Os investidores mais otimistas apostam na transição energética e na inteligência artificial como motores de uma nova era para o cobre.

De fato, carros elétricos precisam de duas a quatro vezes mais cobre que um veículo comum, e o metal é essencial para redes elétricas, turbinas eólicas e data centers. Este último setor, impulsionado pelo boom da IA, deve consumir 300 mil toneladas de cobre refinado apenas neste ano — cerca de 1% da produção mundial.

Mas há um porém: essa previsão é antiga. A “escassez iminente” de cobre é prometida há anos, e ainda não chegou. Na festa da LME, analistas brincavam que “a crise do cobre está sempre a quatro ou cinco anos de distância”. Além disso, os avanços tecnológicos tornam os produtos mais eficientes: um carro elétrico fabricado em 2025 usará 10% menos cobre que um produzido em 2020.

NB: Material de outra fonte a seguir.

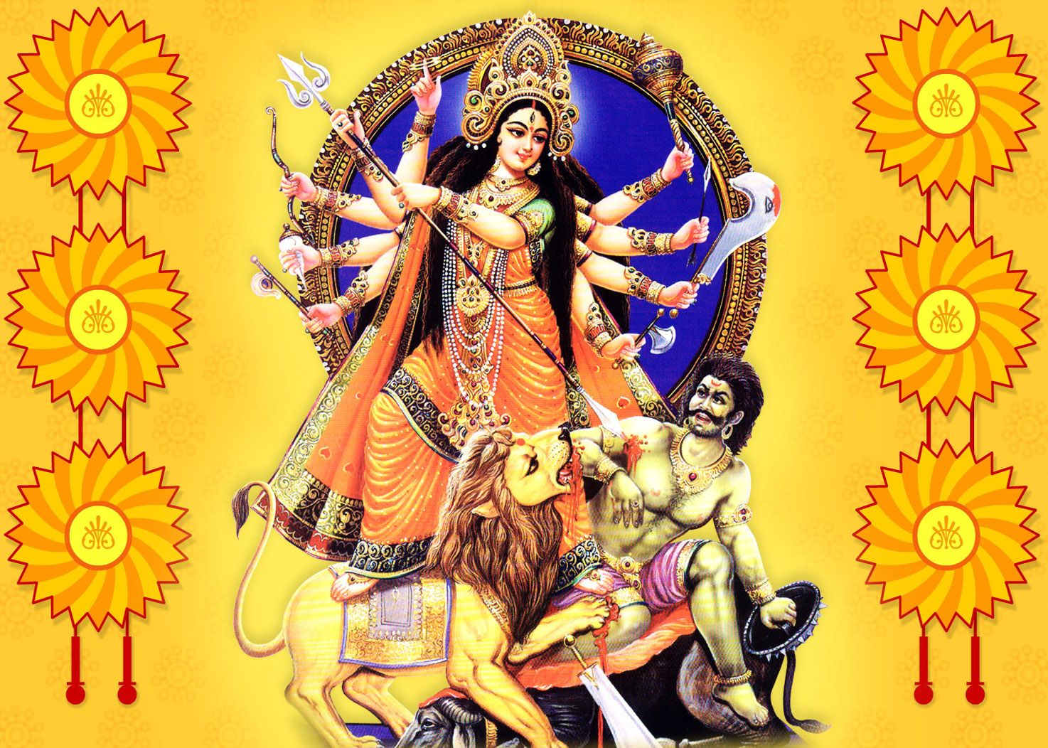 Description: A painting of a woman sitting on a lion surrounded by other animals and people in a circle with sun rays.
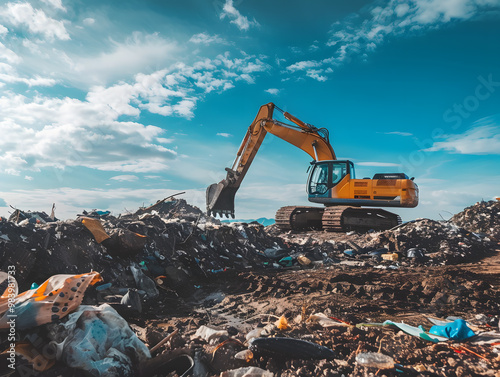 An excavator works at a garbage dump. Neural network AI generated art
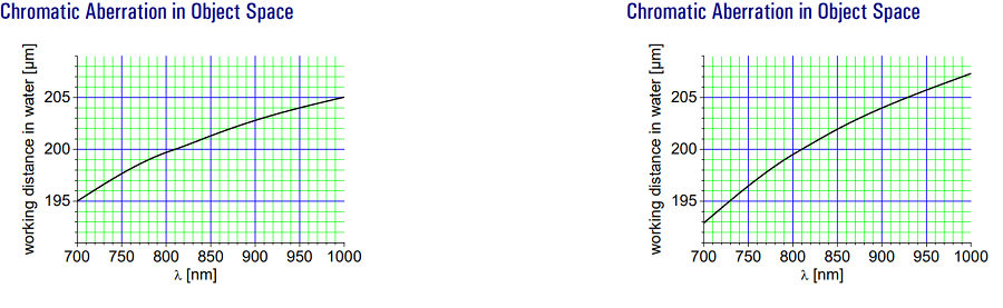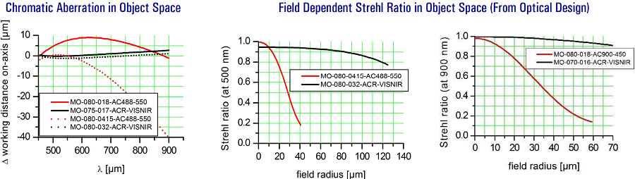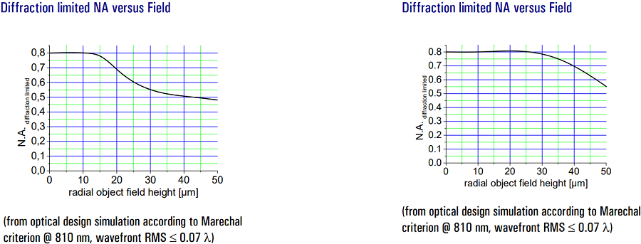 不同的产品版本在复杂性上有所不同,因此在像差校正程度上也有所不同。而色度校正和场校正光学器件的突出之处在于,与物镜的机械直径相比,高数值孔径下的可用物场尺寸与宽光谱范围内的色度校正相结合。GRINTECH的最新一代物镜的另一个特点则是场曲率显着降低。

Ao mesmo tempo, a China — tradicional motor da demanda global — está desacelerando. O país, antes dependente da construção civil, busca novos pilares de crescimento. Segundo Tom Price, do banco Panmure Liberum, essa mudança estrutural pode liberar até 2 milhões de toneladas de cobre por ano. “A demanda global deve cair, não subir”, alerta.

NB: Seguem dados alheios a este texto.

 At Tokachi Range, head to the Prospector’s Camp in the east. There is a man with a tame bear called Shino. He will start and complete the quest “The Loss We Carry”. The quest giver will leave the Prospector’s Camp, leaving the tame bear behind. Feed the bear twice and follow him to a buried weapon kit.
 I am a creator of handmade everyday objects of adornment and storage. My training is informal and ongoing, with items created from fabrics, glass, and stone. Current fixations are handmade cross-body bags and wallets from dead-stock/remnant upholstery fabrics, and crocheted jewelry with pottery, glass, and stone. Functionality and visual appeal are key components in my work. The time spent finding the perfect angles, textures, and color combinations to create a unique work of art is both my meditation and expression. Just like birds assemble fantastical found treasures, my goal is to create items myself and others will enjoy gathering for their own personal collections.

Há, no entanto, quem veja a explicação no outro lado da balança: a oferta.

Em setembro, um deslizamento de lama atingiu a mina de Grasberg, na Indonésia — a segunda maior do mundo —, paralisando a produção. A operadora Freeport já anunciou que a atividade total só deve ser retomada em 2027.

A interrupção, somada a problemas em minas no Chile e na República Democrática do Congo, pode retirar 400 mil toneladas de cobre do mercado em 2025. O preço disparou 4% logo após a Freeport declarar força maior em 24 de setembro.

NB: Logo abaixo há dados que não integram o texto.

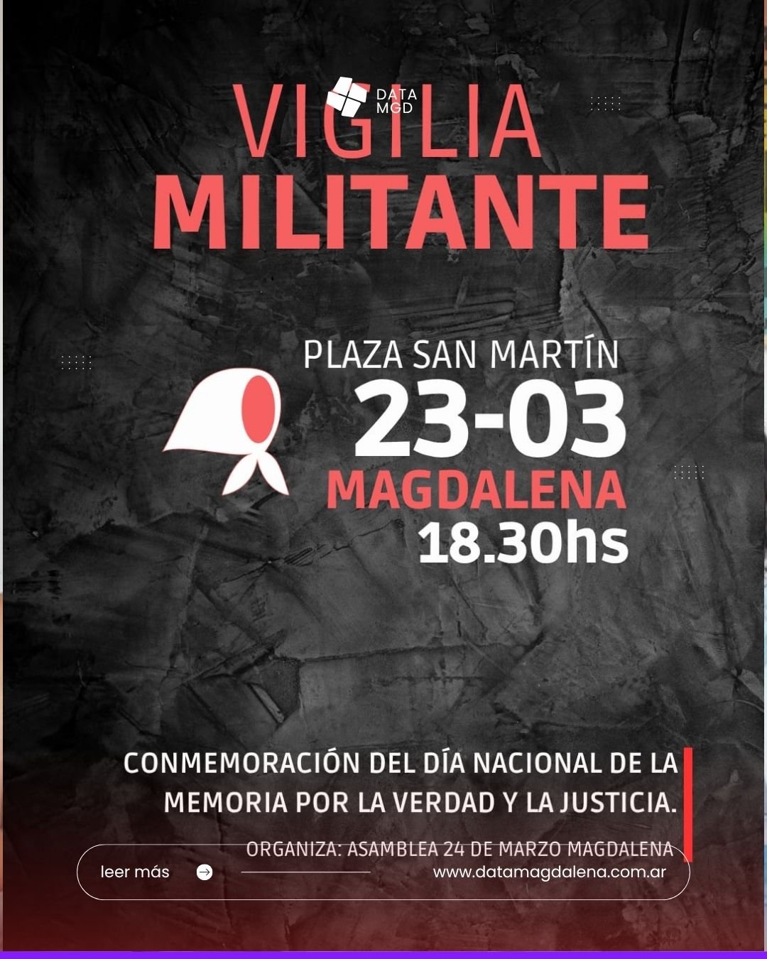 Vigilia por el 24 de marzo en Magdalena: actividades y convocatoria
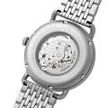 Сквозь прозрачное окошко на циферблате можно наблюдать за работой механизма часов В механизме 21 камень 12-ти и 24-х часовой формат времени Время в 24-х часовом формате отсчитывается на вращающемся диске и вынесено на отдельный циферблат Секунды отсчитываются на вращающемся диске и вынесены на отдельный циферблат Прозрачная задняя крышка Часовой механизм декорирован «женевскими волнами» (Cotes de Geneve) Ремешок из нержавеющей стали.

Mesmo assim, os analistas descartam um colapso da oferta. Essas perdas estão dentro do que o setor chama de “provisão para interrupções”, uma margem de segurança prevista para eventos imprevistos. E para complicar a narrativa da escassez, a mina Escondida, no Chile — a maior do planeta —, vem produzindo acima das expectativas.

Resta, portanto, a política.

As medidas comerciais do governo Trump distorceram profundamente o mercado. Em julho, os EUA impuseram uma tarifa de 50% sobre as importações de cobre, o que fez os preços dispararem em Nova York. Quando o presidente decidiu isentar o cobre refinado, em agosto, os preços caíram — mas logo voltaram a subir, impulsionados por rumores de novas tarifas.

O resultado é uma corrida especulativa: cerca de 340 mil toneladas de cobre estão agora estocadas em Nova York, contra apenas 80 mil em janeiro.

Enquanto isso, o Federal Reserve reduziu as taxas de juros, enfraquecendo o dólar e tornando commodities como o cobre mais atraentes para fundos de investimento. Esses grandes investidores — apelidados de “turistas do cobre” — não se preocupam com oferta e demanda: seguem apenas o movimento das taxas.

O problema é que o capital especulativo é volátil. Assim como entra, pode sair em massa diante de um choque — seja uma recessão chinesa, seja o impacto de novas tarifas americanas.

Por enquanto, o baile continua. Os executivos brindam, os fundos celebram lucros recordes, e o cobre parece o novo ouro. Mas, como alerta o “Dr. Cobre”, há algo artificial nesse brilho.

A economia global não sustenta essa euforia, e o preço atual do metal reflete mais política e especulação do que produtividade real.